## TASK:
Would you repeat the whole listing exactly, pictures excluded?
=== DATASET EXCERPT ===
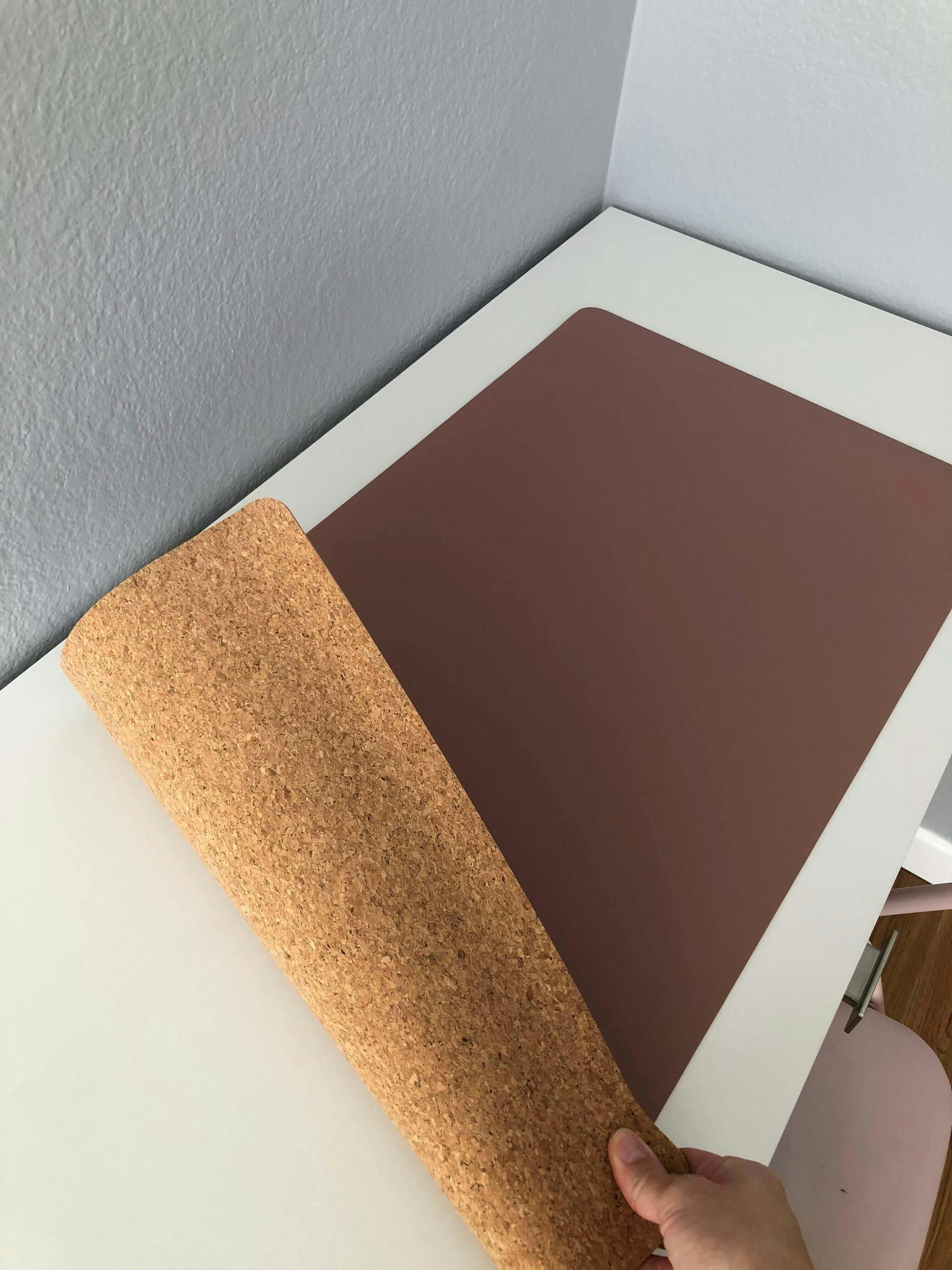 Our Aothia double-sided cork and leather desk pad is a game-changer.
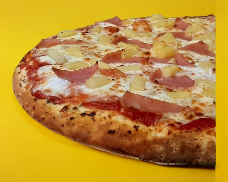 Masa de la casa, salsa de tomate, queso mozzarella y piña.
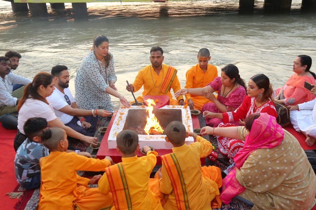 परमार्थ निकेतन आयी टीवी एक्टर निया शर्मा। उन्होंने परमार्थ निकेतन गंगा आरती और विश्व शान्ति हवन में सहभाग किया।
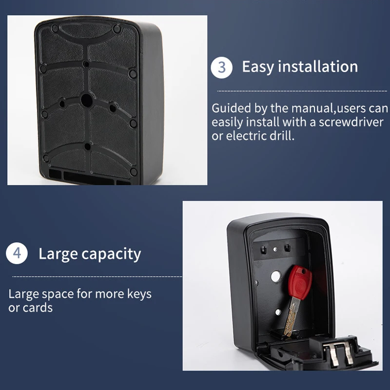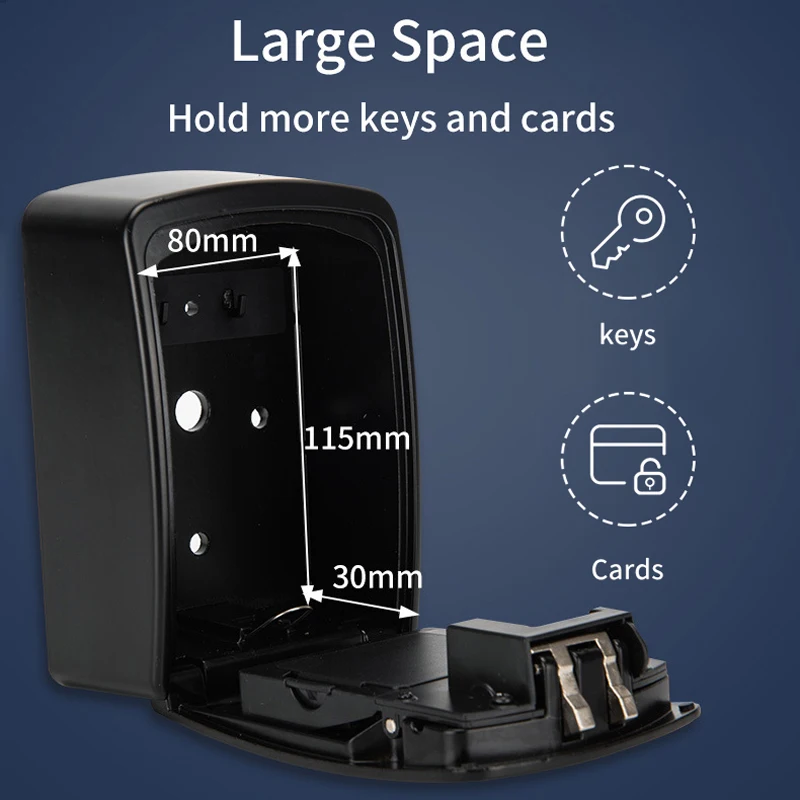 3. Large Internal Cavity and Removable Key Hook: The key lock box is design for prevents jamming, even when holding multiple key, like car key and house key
===
## REPLY TO THE TASK:
 Our Aothia double-sided cork and leather desk pad is a game-changer.
 Masa de la casa, salsa de tomate, queso mozzarella y piña.
 परमार्थ निकेतन आयी टीवी एक्टर निया शर्मा। उन्होंने परमार्थ निकेतन गंगा आरती और विश्व शान्ति हवन में सहभाग किया।
 3. Large Internal Cavity and Removable Key Hook: The key lock box is design for prevents jamming, even when holding multiple key, like car key and house key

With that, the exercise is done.